* _Your instructions_: Retype, word for word, the lines from the first line of the entries through the line that holds "Рассветные облака над"; leave out the pictures.

+++ Listed entries

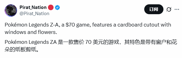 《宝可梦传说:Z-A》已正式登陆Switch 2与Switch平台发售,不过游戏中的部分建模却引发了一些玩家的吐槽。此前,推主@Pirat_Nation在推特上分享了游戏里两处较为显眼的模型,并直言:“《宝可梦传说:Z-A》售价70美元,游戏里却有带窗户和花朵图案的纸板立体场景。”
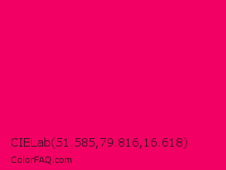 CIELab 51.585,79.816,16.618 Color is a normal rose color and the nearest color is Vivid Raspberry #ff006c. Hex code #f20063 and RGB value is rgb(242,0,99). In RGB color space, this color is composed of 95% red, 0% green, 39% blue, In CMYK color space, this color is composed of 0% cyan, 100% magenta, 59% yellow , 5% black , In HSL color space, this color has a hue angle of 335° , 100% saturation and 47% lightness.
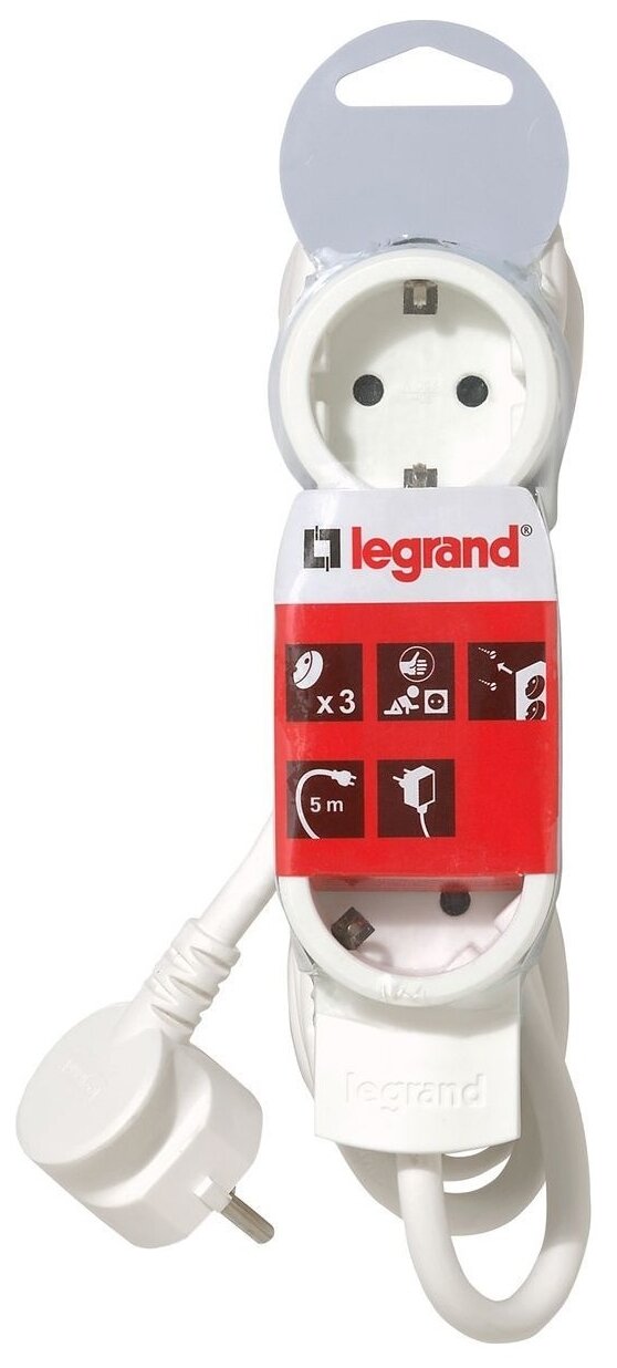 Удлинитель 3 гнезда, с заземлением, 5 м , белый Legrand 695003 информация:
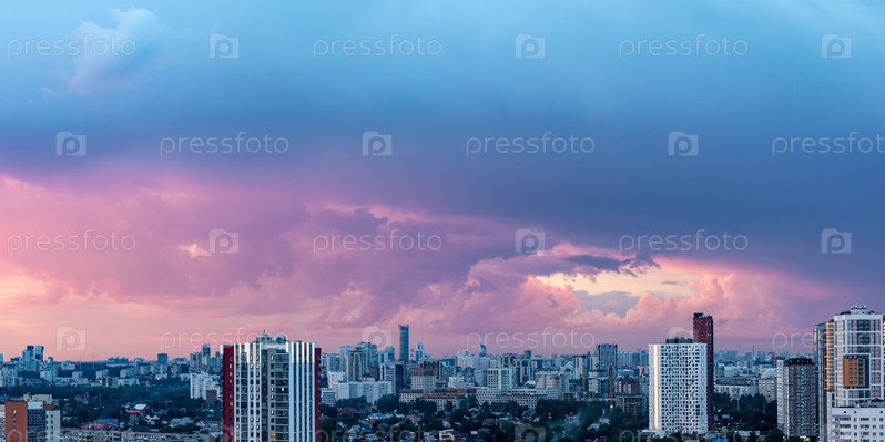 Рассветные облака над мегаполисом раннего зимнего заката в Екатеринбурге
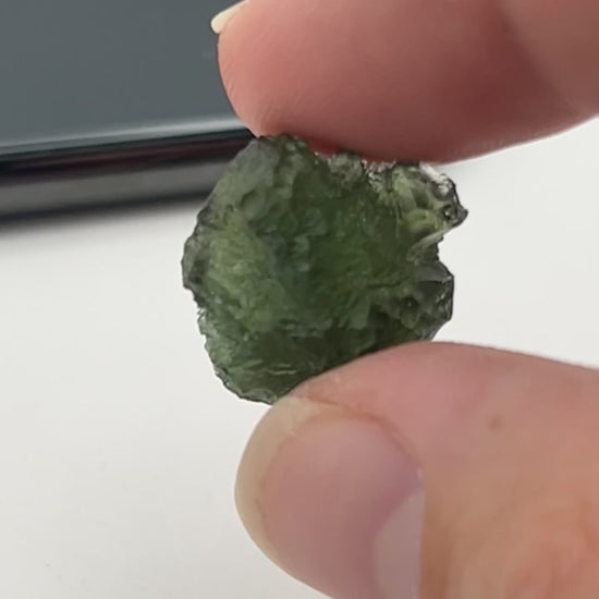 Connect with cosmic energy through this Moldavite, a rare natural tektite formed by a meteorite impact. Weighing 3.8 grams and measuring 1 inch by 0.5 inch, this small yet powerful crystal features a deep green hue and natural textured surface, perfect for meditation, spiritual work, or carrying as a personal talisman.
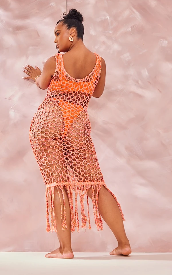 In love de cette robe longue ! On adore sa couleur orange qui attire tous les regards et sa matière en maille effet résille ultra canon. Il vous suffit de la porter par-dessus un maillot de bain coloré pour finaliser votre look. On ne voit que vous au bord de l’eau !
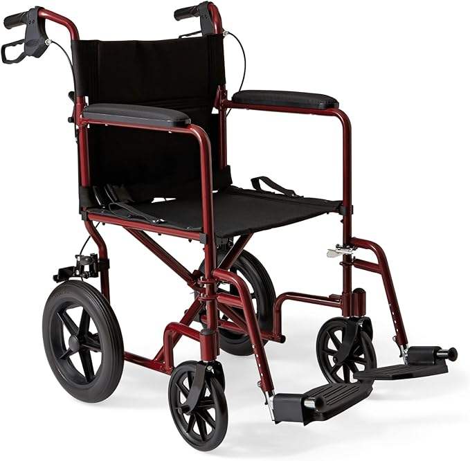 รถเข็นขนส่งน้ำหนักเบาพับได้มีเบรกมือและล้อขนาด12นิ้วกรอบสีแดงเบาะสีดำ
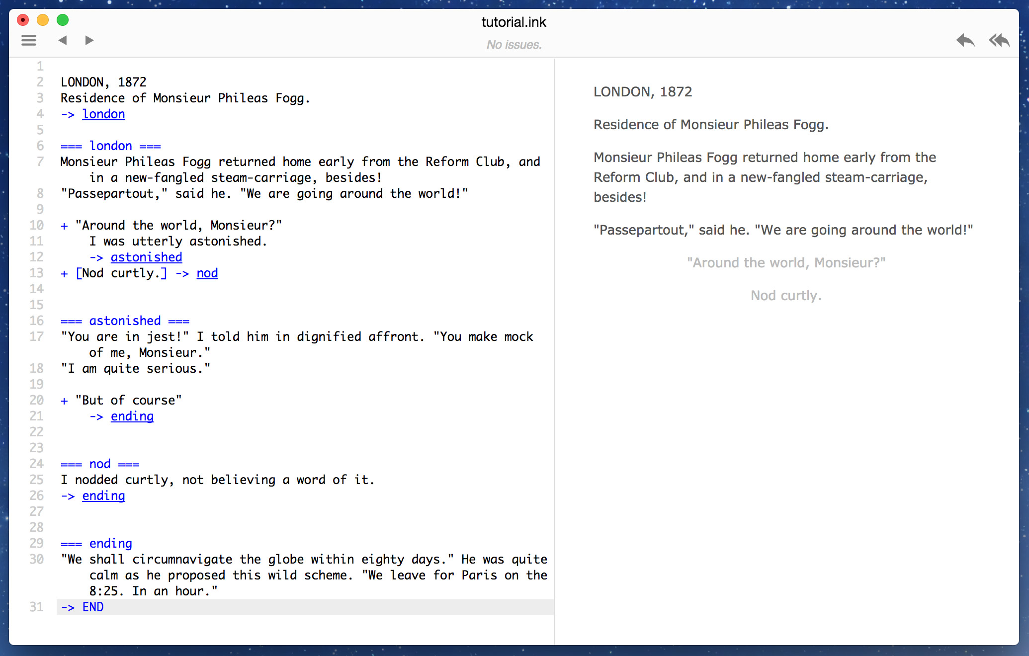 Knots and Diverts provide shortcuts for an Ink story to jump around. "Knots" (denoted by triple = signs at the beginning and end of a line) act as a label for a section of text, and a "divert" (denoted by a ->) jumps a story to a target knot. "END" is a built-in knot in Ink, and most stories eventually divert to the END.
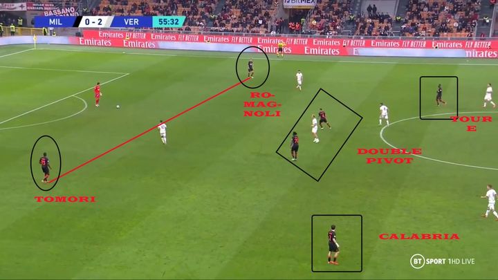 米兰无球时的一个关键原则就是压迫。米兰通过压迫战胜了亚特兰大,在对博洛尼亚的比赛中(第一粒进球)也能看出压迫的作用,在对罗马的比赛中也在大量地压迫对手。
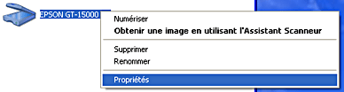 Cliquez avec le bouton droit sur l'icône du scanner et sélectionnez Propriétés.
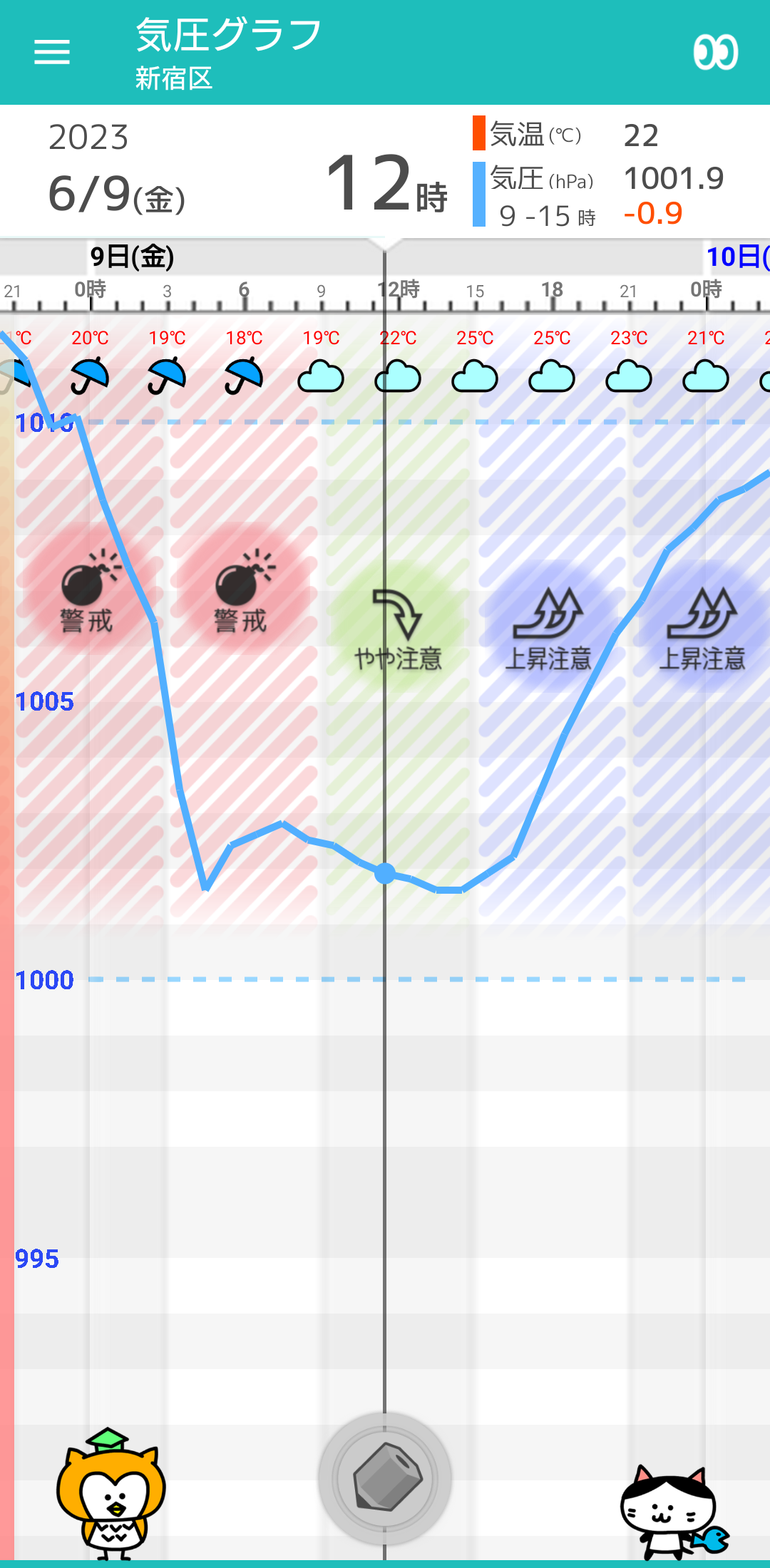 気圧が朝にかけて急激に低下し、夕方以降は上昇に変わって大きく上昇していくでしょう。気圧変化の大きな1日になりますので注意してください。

++++++

* _Answer section_:
 《宝可梦传说:Z-A》已正式登陆Switch 2与Switch平台发售,不过游戏中的部分建模却引发了一些玩家的吐槽。此前,推主@Pirat_Nation在推特上分享了游戏里两处较为显眼的模型,并直言:“《宝可梦传说:Z-A》售价70美元,游戏里却有带窗户和花朵图案的纸板立体场景。”
 CIELab 51.585,79.816,16.618 Color is a normal rose color and the nearest color is Vivid Raspberry #ff006c. Hex code #f20063 and RGB value is rgb(242,0,99). In RGB color space, this color is composed of 95% red, 0% green, 39% blue, In CMYK color space, this color is composed of 0% cyan, 100% magenta, 59% yellow , 5% black , In HSL color space, this color has a hue angle of 335° , 100% saturation and 47% lightness.
 Удлинитель 3 гнезда, с заземлением, 5 м , белый Legrand 695003 информация:
 Рассветные облака над мегаполисом раннего зимнего заката в Екатеринбурге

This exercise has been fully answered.